Murieron en combate tras un último ataque francés con más de dos mil efectivos al Parque de Artillería de Monteleón, que los apenas cien defensores, entre militares y ciudadanos armados, no pudieron resistir. Este levantamiento fue la chispa que provocó una rebelión en cadena en la práctica totalidad de España, desembocando en la Guerra de la Independencia y la primera derrota militar de Napoleón Bonaparte.
Promoción de 1910
Ejemplo de heroísmo fue también el del teniente Diego Flomesta Moya durante del denominado Desastre de Annual en 1921. Destinado en la localidad de Abarrán, plaza recién conquistada y cuyo puesto todavía no había sido fortificado, su posición sufrió un duro ataque de los rifeños. Él fue protagonista principal de la feroz resistencia española, resultando herido en la cabeza y en un brazo. Capturado por el enemigo, le pusieron como condición para ser curado que les enseñase a usar la piezas de artillería, algo a lo que Flomesta se negó. Los rifeños le retiraron la comida hasta que cambiase de opinión, algo que no hizo. No anularon su férrea voluntad y murió de inanición.
Diego Flomesta Moya
Así reflejó la Real Orden de 28 de junio de 1923, que le concedía a título póstumo la Cruz Laureada de San Fernando, máximo distinción militar del Ejército español, su labor en la defensa de Abarrán: " (…) Después de agotadas las municiones de las piezas que mandaba, sosteniendo la defensa del frente atacado con preferencia por el enemigo, a pesar de estar herido, negándose a ser curado. Organizó las de los demás frentes, por haber sido muertos o heridos de gravedad todos los demás oficiales, armando a los artilleros que quedaban útiles, e imponiéndose a los indígenas que se resistían a cooperar; inutilizó por sí una pieza y ordenó que inutilizaran las demás cuando el enemigo se disponía a asaltar la posición, permaneciendo en el puesto de inmimente peligro que su honor militar le señalaba, haciendo personalmente fuego con el fusil que fue invadida la referida posición por el enemigo (…) ".

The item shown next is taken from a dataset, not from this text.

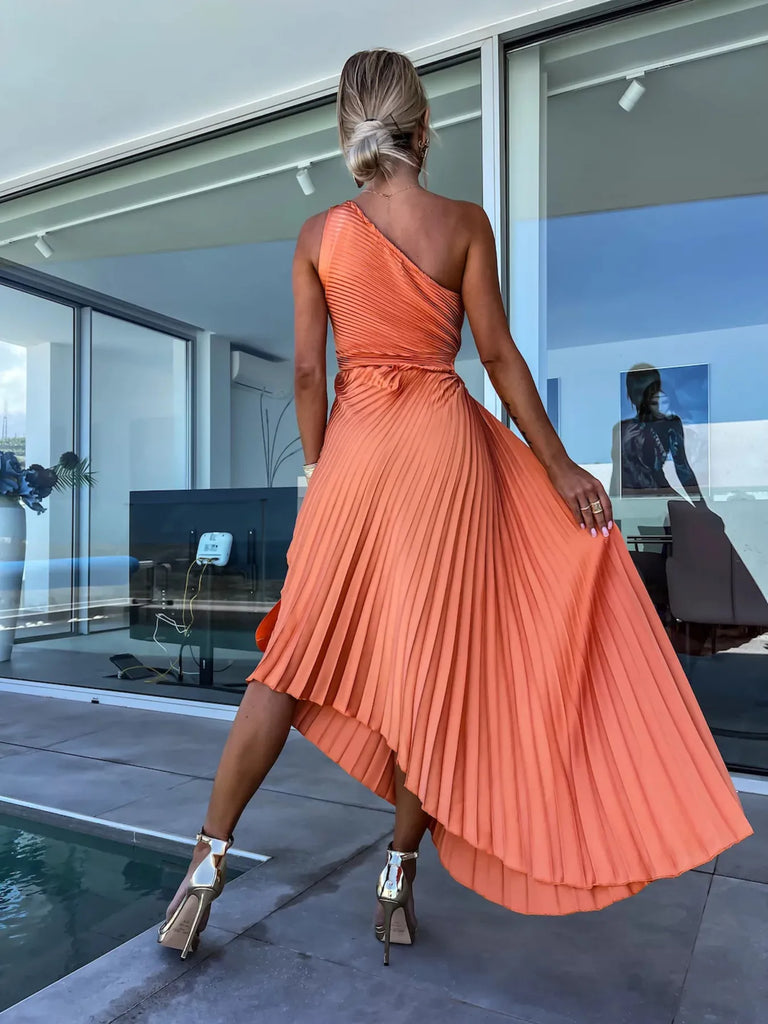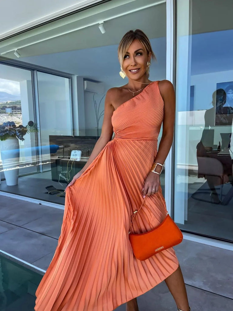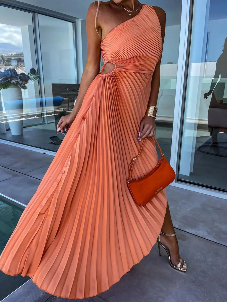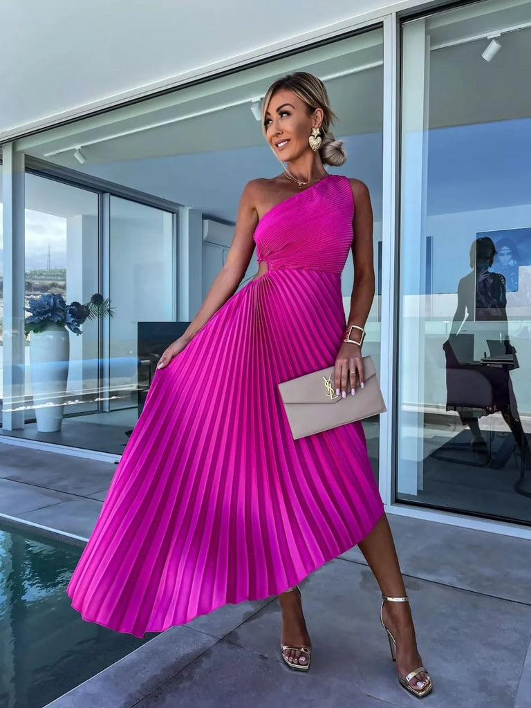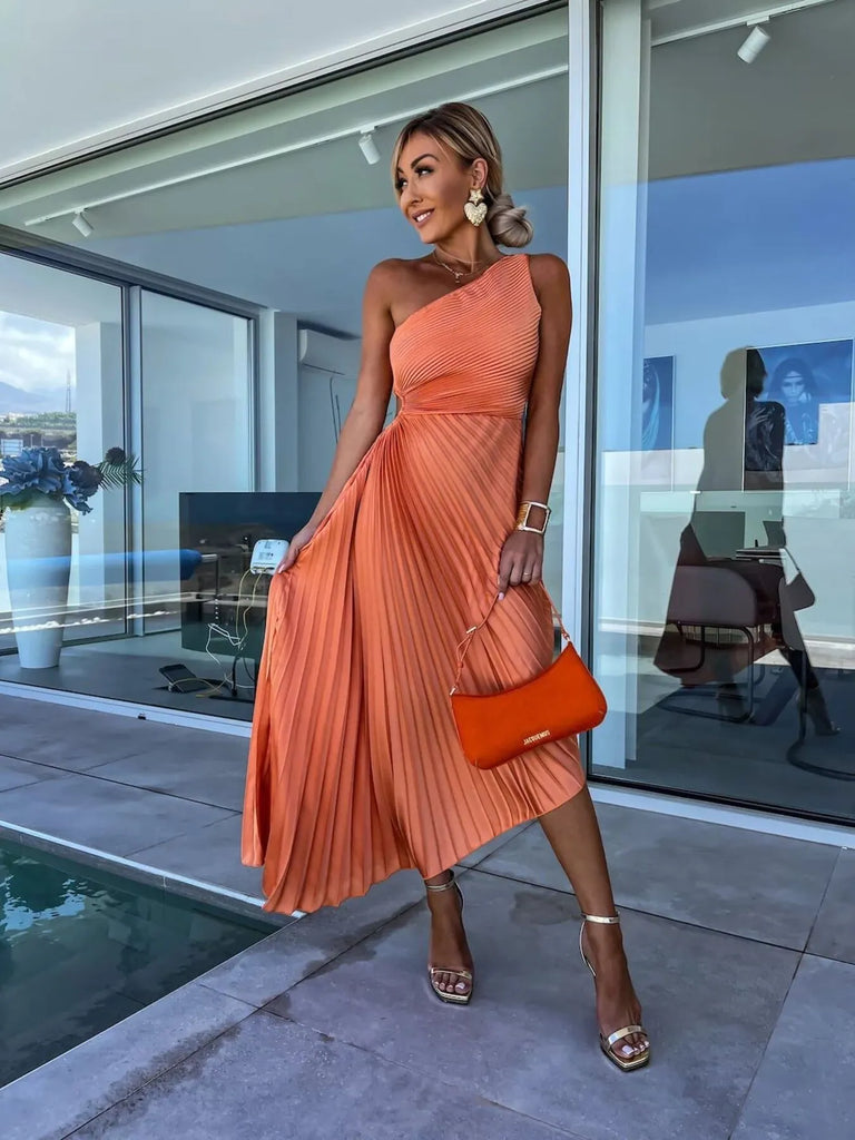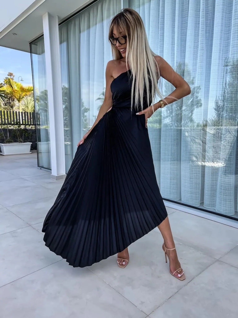 Full Size Single Shoulder Pleated Midi Dress Plus Size

Héroes españoles, merecedores justos de la mayor distinción militar del Ejército español fueron también otros militares que pasaron por las aulas de la Academia, como los hermanos Miguel y Federico de la Paz Orduña, ambos tenientes de artillería, fallecidos también en 1921 durante el Desastre de Annual, o el capitán Eduardo Temprado Pérez, ejemplo de lucha y fiereza militar durante la Tercera Guerra Carlista.
Hoy fieles a sus orígenes, los artilleros del siglo XXI siguen trabajando con lealtad al honor y a las costumbres que le son propias, para encontrar en esa mezcla de tradición y modernidad el equilibrio que necesitan para servir mejor a España.